Protara Therapeutics, Inc., a clinical-stage company focused on developing innovative treatments for cancer and rare diseases, announced that the U.S. Food and Drug Administration (FDA) has granted Fast Track designation to their investigational drug, Intravenous (IV) Choline Chloride. This therapy is intended for adult and adolescent patients who rely on parenteral support (PS) and are unable to consume adequate nutrition orally or enterally. In the U.S., about 40,000 patients depend on long-term parenteral support.

Jesse Shefferman, CEO of Protara Therapeutics, emphasized the importance of this designation, highlighting the urgent need for effective treatments among PS-dependent patients. He noted that around 80% of these patients suffer from choline deficiency, which can cause severe liver damage, neuropsychological issues, muscle damage, and other health complications. Currently, there are no approved IV choline products for these patients globally. Shefferman reiterated the company's commitment to starting the registrational THRIVE-3 clinical trial in the first quarter of 2025.

The American Society for Parenteral and Enteral Nutrition has recommended IV choline for patients on parenteral support. Similarly, the European Society for Clinical Nutrition and Metabolism has included it in its guidelines for home parenteral nutrition. Protara plans to evaluate the safety and efficacy of IV Choline Chloride in the THRIVE-3 trial, which will include a Phase 2b/3 seamless design with dose confirmation, followed by a double-blinded, randomized, placebo-controlled trial. The trial will focus on measuring changes in plasma choline concentration from baseline compared to a placebo.

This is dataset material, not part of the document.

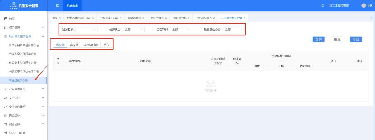点击菜单进入未通过创优台账页面,筛选创优要求、检评状态、工程类别、是否发给协会,点击【查询】按筛选条件查询。按市双优、省双优、国家级创优和其他分类展示,点击【导出】可以导出台账。点击【编辑】进入未通过创优台账编辑页面。
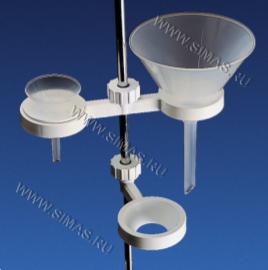 Держатель в форме подковы, разработанный специально для воронок, снабжен двумя коническими переходниками, позволяющими устанавливать на стержень изделия диаметром от 8 до 14 мм. Не пригоден для использования с воронками, диаметр которых меньше 75 мм.

The FDA’s Fast Track program is designed to accelerate the development and review of drugs that address serious conditions and unmet medical needs. This designation allows for early and frequent communication with the FDA, potentially leading to faster approvals and priority reviews if specific criteria are met. Additionally, it enables the submission of parts of a New Drug Application on a rolling basis.

IV Choline Chloride is an investigational therapy aimed at addressing the needs of patients receiving parenteral support, who cannot synthesize enough choline from their diet. Choline is crucial for maintaining healthy liver function, gene expression, cell membrane signaling, brain development, neurotransmission, muscle function, and bone health. In the U.S., approximately 40,000 patients on long-term parenteral support lack access to a choline-containing PS formulation, leading to widespread deficiencies and liver damage among these patients. IV Choline Chloride holds promise as the first FDA-approved IV choline formulation for PS patients. The FDA has already granted Orphan Drug Designation to IV Choline Chloride for preventing choline deficiency in these patients. Additionally, Protara holds a U.S. patent for a choline composition with a term expiring in 2041.

Protara recently shared results from their THRIVE-1 study, which highlighted the prevalence of choline deficiency and liver injury among PS-dependent patients. The study revealed that 78% of these patients were choline deficient, with 63% showing signs of liver dysfunction, including steatosis, cholestasis, and other hepatic injuries.

Protara Therapeutics is a biotechnology company dedicated to developing transformative therapies for cancer and rare diseases. Their portfolio includes TARA-002, an investigational cell-based therapy for non-muscle invasive bladder cancer (NMIBC) and lymphatic malformations (LMs), currently in Phase 2 trials. Additionally, they are advancing IV Choline Chloride for patients on parenteral support.